Sappiamo ormai con certezza che l'essere umano è sociale per natura; fin dalla nascita il bambino cerca, infatti, il rapporto con la madre, non solo per il bisogno fondamentale di essere accudito a livello materiale, ma come necessità di una relazione fatta di amore, calore, affetti, carezze. Se chi si occuperà di lui saprà accoglierlo con amore e interesse il bambino crescerà sicuro e sereno, mentre se qualcosa è andato storto in questo primo legame relazionale, si produrranno dei disagi e delle difficoltà che si manifesteranno proprio durante l'adolescenza, magari creando relazioni amicali disadattive o ritirandosi nell'isolamento per la perdita di quella naturale socialità con cui tutti nasciamo, che porterà all'attiva esclusione dell'altro o ad un vissuto di distacco doloroso, tormentato e subìto.

L'interesse per l'altro, il piacere di stare con i coetanei viene meno e i rapporti diventano molto difficili e faticosi. Il vissuto di distacco doloroso e tormentato può portare a una profonda depressione; a differenza della situazione precedente, in cui l'affettività, la sensibilità, le emozioni sono andate perdute, in questo caso esse sono ancora presenti, ma sono ingestibili, motivo per cui non vengono portate nelle relazioni con gli altri; ci si sente incompresi e capaci di combinare solo guai e arrecare sofferenza, per cui l'isolamento sociale diventa l'unica via di fuga anche se estremamente dolorosa.

Per quanto riguarda la prevenzione e la cura, sappiamo che gli adolescenti difficilmente comunicano a parole i loro stati d'animo e le loro difficoltà, ed è, dunque, necessario fornire gli strumenti di conoscenza alle famiglie, ma anche agli insegnanti o ad altri adulti significativi che possono cogliere i primi segnali di disagio e chiedere aiuto a un esperto. La questione “tempo” è fondamentale, infatti, come sappiamo, prima si interviene è meglio è. Poiché, come abbiamo visto l'insorgenza del disturbo è graduale, è molto importante prestare attenzione ai primi segnali di disagio che possono manifestarsi attraverso il corpo con dolori fisici o con sensazioni di estraniamento o di pericolosità da parte degli altri, questo perché l'hikikomori non chiede aiuto ed è silenzioso nel suo ritirarsi.

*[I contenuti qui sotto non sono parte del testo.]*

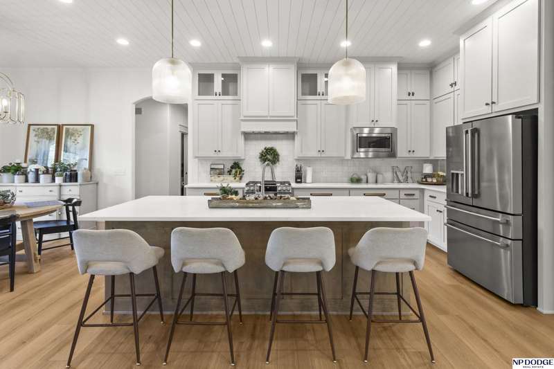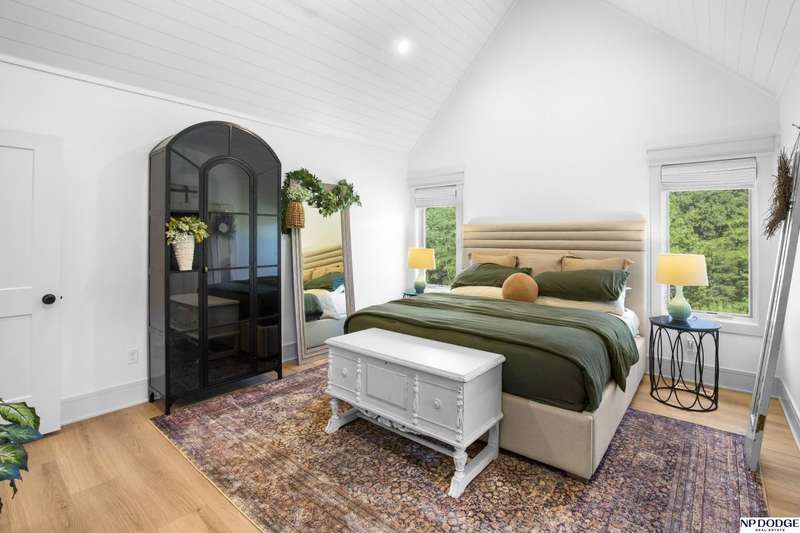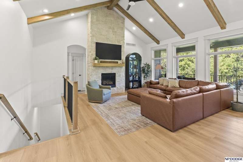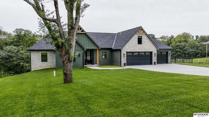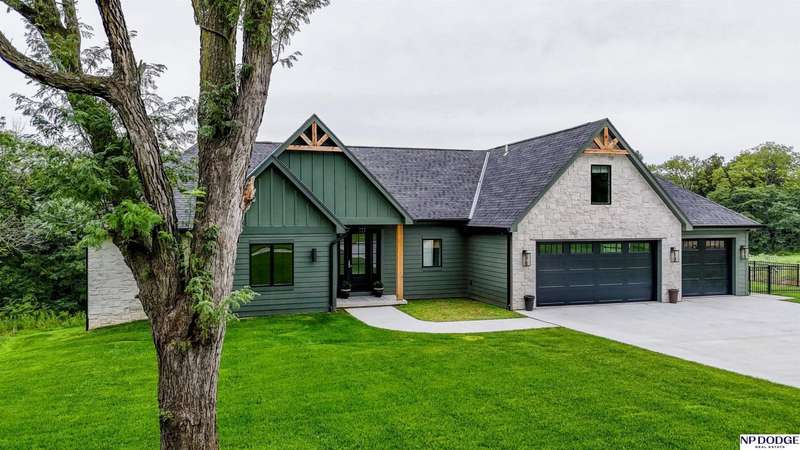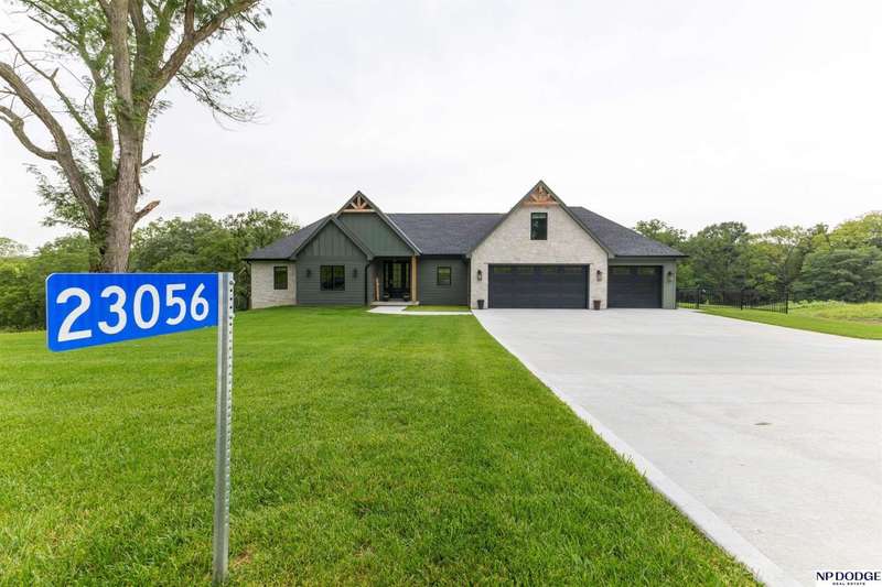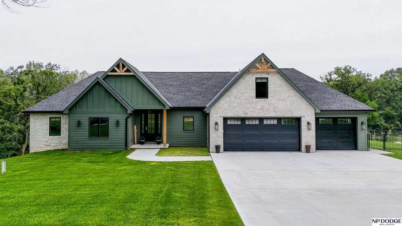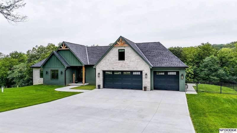 Open House Sunday 10/191-3. Price improvement! Showings Daily By Appointment. Why wait to build when you can enjoy this under-a-year-old luxury estate on 3.28 acres in a premier neighborhood? Architecturally stunning and filled with refined finishes, it offers soaring ceilings, a vaulted family room with timber beams, stone fireplace, and walls of windows. The spa-style primary retreat boasts a soaking tub, tile shower, dual vanities, and massive walk-in closet with bonus storage. Three guest bedrooms feature custom closets and designer details. The chef's kitchen impresses with a massive island, premium appliances, ceiling-height cabinetry, and hidden pantry with Costco door. Upstairs: a private guest suite. Oversized 3-car climate-controlled garage. Unfinished walkout lower level with 13' ceilings-perfect for golf simulator, wet bar, and bath. One-third fenced, wooded views, wildlife, reverse osmosis, sprinklers, and generator wiring.
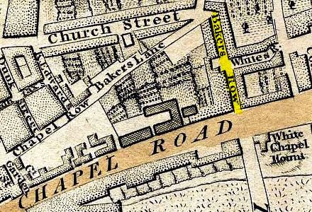 William married Frances Kelsee at St Dunstan in Stepney on 23 September 1783 with James Sinclair and Robert Vaughan acting as witnesses. The entry does not list William’s occupation but it confirms both he and Frances lived in the parish, however, they later moved to Baker’s Row in Whitechapel and were living there when their first child, Ann, was born. Ann was baptised on 14 April 1784 and the nearby church of St Mary Whitechapel but her date of birth was not included in the register.
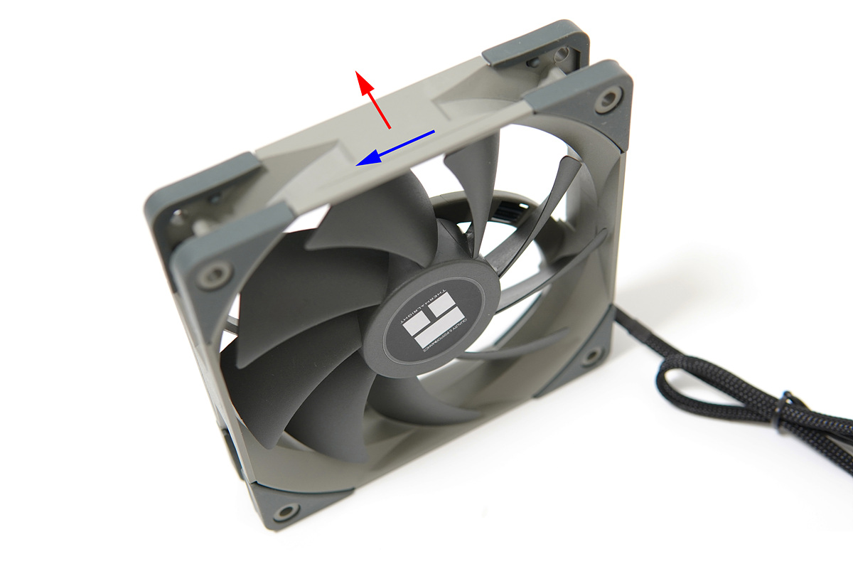일반적으로 쿨러 옆쪽에서는 날개(블레이드)가 돌아가는 방향과 바람의 방향을 화살표로 표시해 두는데 이런 표시가 없더군요. 파란색이 날개가 돌아가는 방향이고 빨간색이 바람의 방향입니다. 방향을 잘못 맞추면 배기와 흡기가 반대로 될 수 있으니 빨간색 표시인 바람의 방향은 꼭 확인하시기 바랍니다.
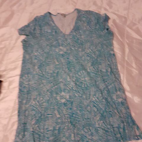 Ihana kesätunika turkoosi jossa erilaisia kuvioita.Napit edessä. 3/4osaiset hihat missä myös saa napilla nostettua ylemmäksi. Kuin uusi.
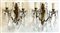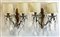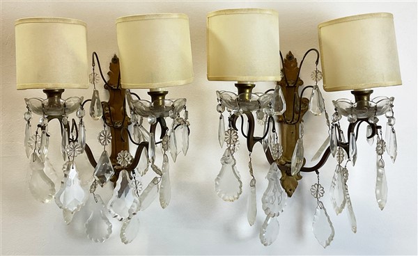 Coppia di applique a due fiamme con struttura in metallo decorato a volute e pendenti in vetro (h. cm 26) (difetti)
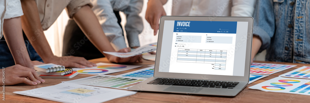 Invoice on computer screen from accounting application. Computer program for financial and budget of corporate business. brisk. #1752434737
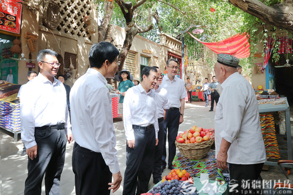9月1日,自治区党委书记陈小江在吐鲁番市葡萄沟,了解当地文旅深度融合发展情况。石榴云/新疆日报记者崔志坚摄
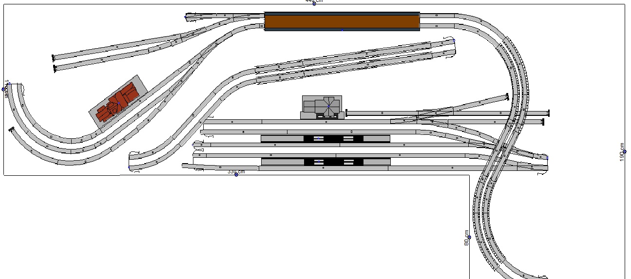 Pak jsem si popřemýšlel jak to vyřešit a první mě napadlo zda by se Ti nelíbilo řešení, kde budeš mít "polovinu" viditelného nádraží skrytou a nahrazenou kulisou. Viditelné bude pouze jedno zhlaví, a začátek peronů. Pak koleje zmizí, v nádražní hale a následně ve skryté smyčce. Podobné řešení jsem navrhoval Mírovi Lengyelovi http://diskuze.modely.biz/viewtopic.php?f=1&t=3676&start=30.

A livello di prevenzione sono importanti una corretta e diffusa informazione sul malessere psichico e la sua cura, con progetti rivolti a ragazzi,insegnanti e genitori attraverso dibattiti, libri, corsi o convegni; ma anche gli sportelli d'ascolto che, per fortuna, dopo la pandemia, sono aumentati di numero nelle scuole, e a cui i ragazzi possono rivolgersi per un aiuto.

Una volta che il problema si è manifestato, la strada da seguire è fondamentalmente una, infatti tutti gli interventi danno rilievo alla presa in carico dei genitori, senza i quali è quasi impossibile entrare in contatto con questi ragazzi che rifiutano con forza qualsiasi tipo d'aiuto; in particolare sono le madri a rivolgersi ad un esperto, ma anche la presenza dei padri è molto forte e sempre più attiva.

È necessario, quindi, iniziare un percorso con la famiglia per capire la specifica situazione e trovare le soluzioni più adeguate al caso, attraverso la terapia o il sostegno che può essere fornito alla coppia genitoriale, all'intero nucleo familiare o agli individui. In seguito, sarà possibile avvicinarsi al giovane con contatti telefonici, visite nello studio o a domicilio, che permetteranno la costruzione di una relazione finalizzata alla risoluzione del disagio attraverso il recupero della socialità.